3. Create Application Environment
Overview
- In this section, we will create the application environment for the Data Pipeline.
- The environment includes:
- EC2 Instance: Where mock data is generated and database tables are initialized.
- RDS: PostgreSQL database for storing mock data.
The database model consists of 4 tables:
- products, users, orders, and order_details
Deployment Steps
- Return to the RDS interface
- Select Databases from the left menu
- Click on fashion-db
- In the fashion-db interface, save the Endpoint of the database somewhere safe.
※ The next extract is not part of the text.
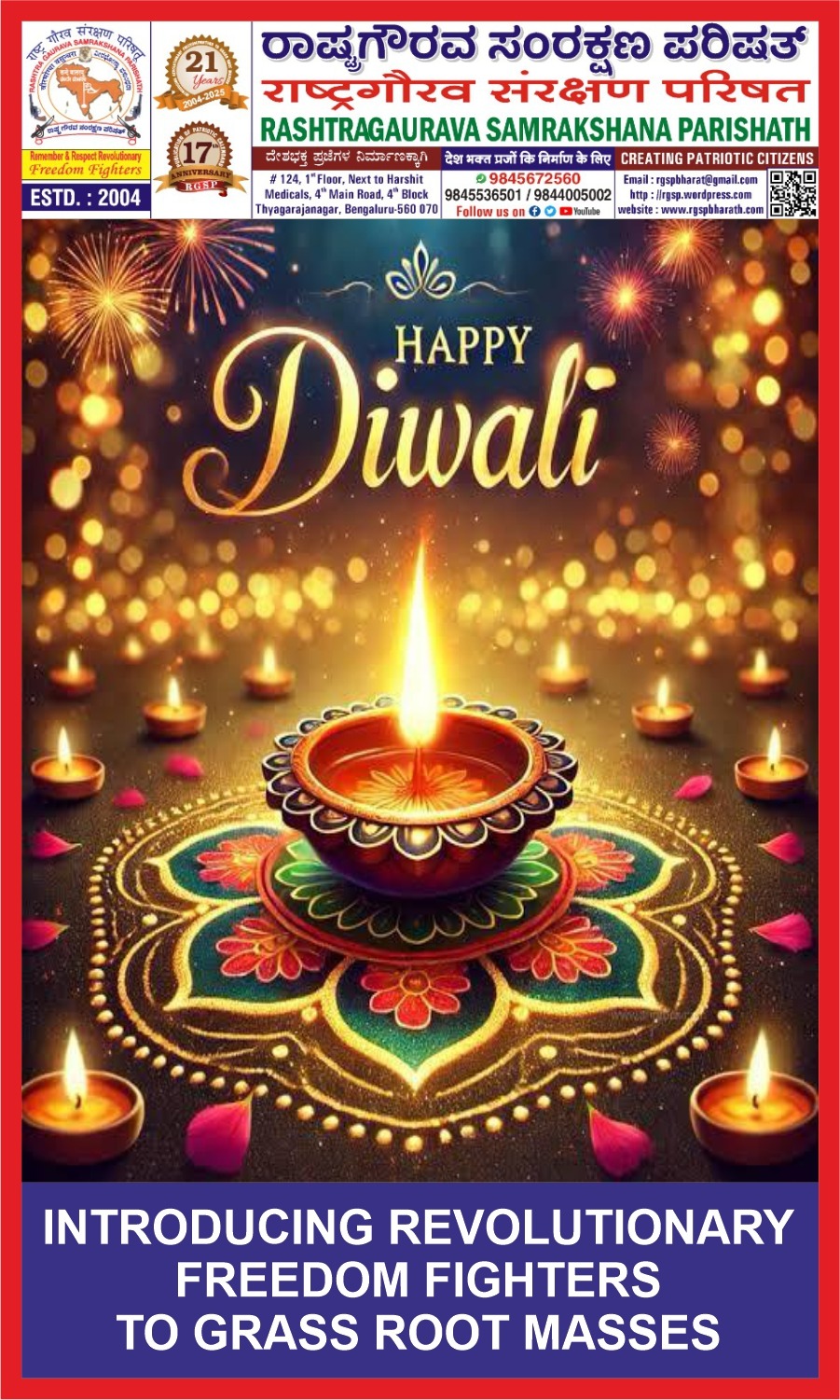 ಕತ್ತಲನ್ನು ದೂರ ಸರಿಸಿ ಬೆಳಕನ್ನು ನೀಡುವ ದೀಪದಂತೆ ನಾವೆಲ್ಲರೂ ಮಾದರಿಯಾಗೋಣ ಎಂದುಆಶಿಸುವ. ಟಿ ಎನ್ ರಾಮಕೃಷ್ಣರಾಷ್ಟ್ರ ಗೌರವ ಸಂರಕ್ಷಣ ಪರಿಷತ್

- Scroll down to the Connected compute resources section
- Click on Actions
- Select Set up EC2 connection
- In the Set up EC2 connection interface
- For EC2 Instance, select fashion-webapp
- Click continue
- In the Review and confirm section, select Set up
- When finished, you will see a notification like this:
Return to the terminal connected to the EC2 Instance from step 2.3 Create EC2 Instance.
Test the connection to the PostgreSQL database using the Database DNS you saved earlier:
- Use the following command to connect to the PostgreSQL database, then enter the database password you created.
psql -U postgres -h <YOUR_POSTGRESQL_DNS> -p 5432 -d postgres
If you see a notification like the following, you have successfully connected to the PostgreSQL database.
- If the image below does not appear, please review the above steps.
- If the image below does not appear, please review the above steps.
Type
\q
to exit PostgreSQL and return to the terminal.Set up the environment for generating mock data:
- Enter the following command:
vim .env
- In vim, press i to enter insert mode.
- Enter the following information into the
.env
file:- RDS_HOST: The DNS of the PostgreSQL database you saved in step 2.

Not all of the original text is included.